Legal & General first began looking into the scale of the lending by the Bank of Mum and Dad last year, and found that around £5 billion was lent. That amount has shot up to an expected £6.5 billion this year, as 42% of prospective homeowners expect to get help from their parents to help fund their transaction – up from around 33% last year.

The steady increase in house prices also contribute to the rise in Bomad lending, with average house prices up 7.3% in 2016 according to the Office for National Statistics’ house price index. The average house price in February 2017 was £218,000 – which is £12,000 higher than in February 2016.

Legal & General’s chief executive, Nigel Wilson, said that the increase in lending from the Bank of Mum and Dad is a sign of a broken housing market in which demand has outstripped supply.
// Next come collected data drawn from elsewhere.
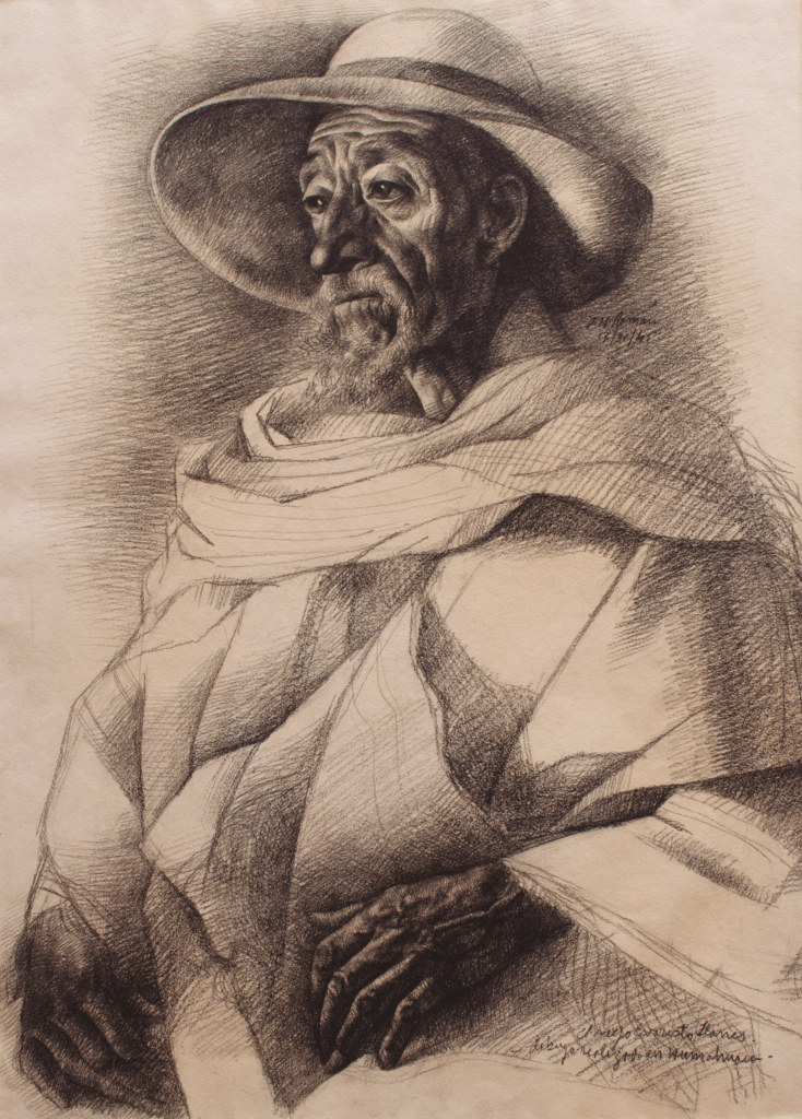 Abajo a la derecha, el artista registra: “El viejo Evaristo Llanes -dibujo realizado en Humahuaca-“.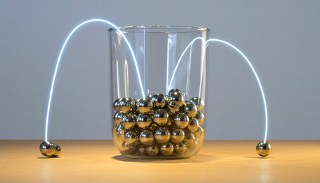 A group of shiny balls are arranged in a circle, AI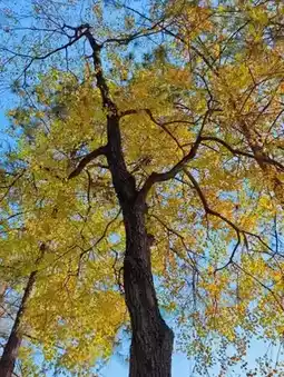 The yellow leaves on the Wutong Avenue on Chengyue Road have not yet fallen, creating a romantic atmosphere.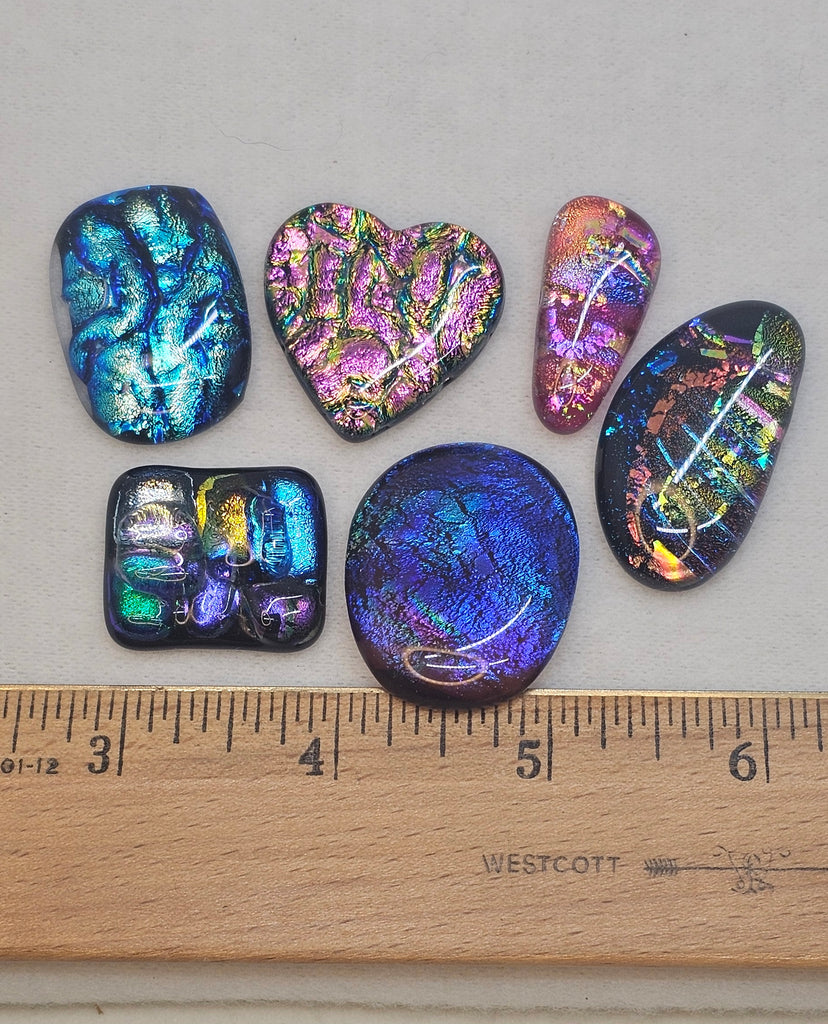 Set of 6 assorted dichroic glass cabochons for creating jewelry. Be artistic and create your own unique setting or simply glue on a finding like a pendant bail.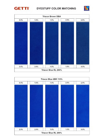 DYESTUFF COLOR MATCHING Triacor Brown DBA 0.5% 1.0% 1.5% 2.0% 2.5% 2.5% 2.0% 1.5% 1.0% 0.5% Triacor Blue RL 200% Triacor Blue 6BR 115% 0.5% 1.0% 1.5% 2.0% 2.5% 2.5% 2.0% 1.5% 1.0% 0.5% Triacor Blue RL 200%

He said:

“The inter-generational inequality that creates the demand for Bomad funding continues to widen. Younger people today don’t have the same opportunities that the baby boomers had, including affordable housing, defined benefit pensions and free university education.”

Legal & General’s research found that, compared to 20 years ago, prospective houseowners now have to pay a lot more for a new home in terms of their earnings. The report said:

The ONS calculates an average working person could expect to pay 7.6 times their annual earnings when purchasing a home in England and Wales in 2016 — more than double the 3.6 times earnings they would have paid in 1997.

The rise in parental lending comes at a time of record low rates for mortgages, which is being driven by competition between different lenders for new customers and the drop in the Bank of England base rate to 0.25%.

However, although mortgage repayments have never been more affordable, high house prices in many parts of the UK mean first-time buyers without the means to save up a large deposit can struggle to access these low-rate mortgages amid stringent lending rules.

For example, Yorkshire Building Society launched a record low interest rate of just 0.89% as part of a two-year discounted variable rate deal. However, it asks borrowers to pay a deposit of 35% – an amount which would price out most first-time buyers.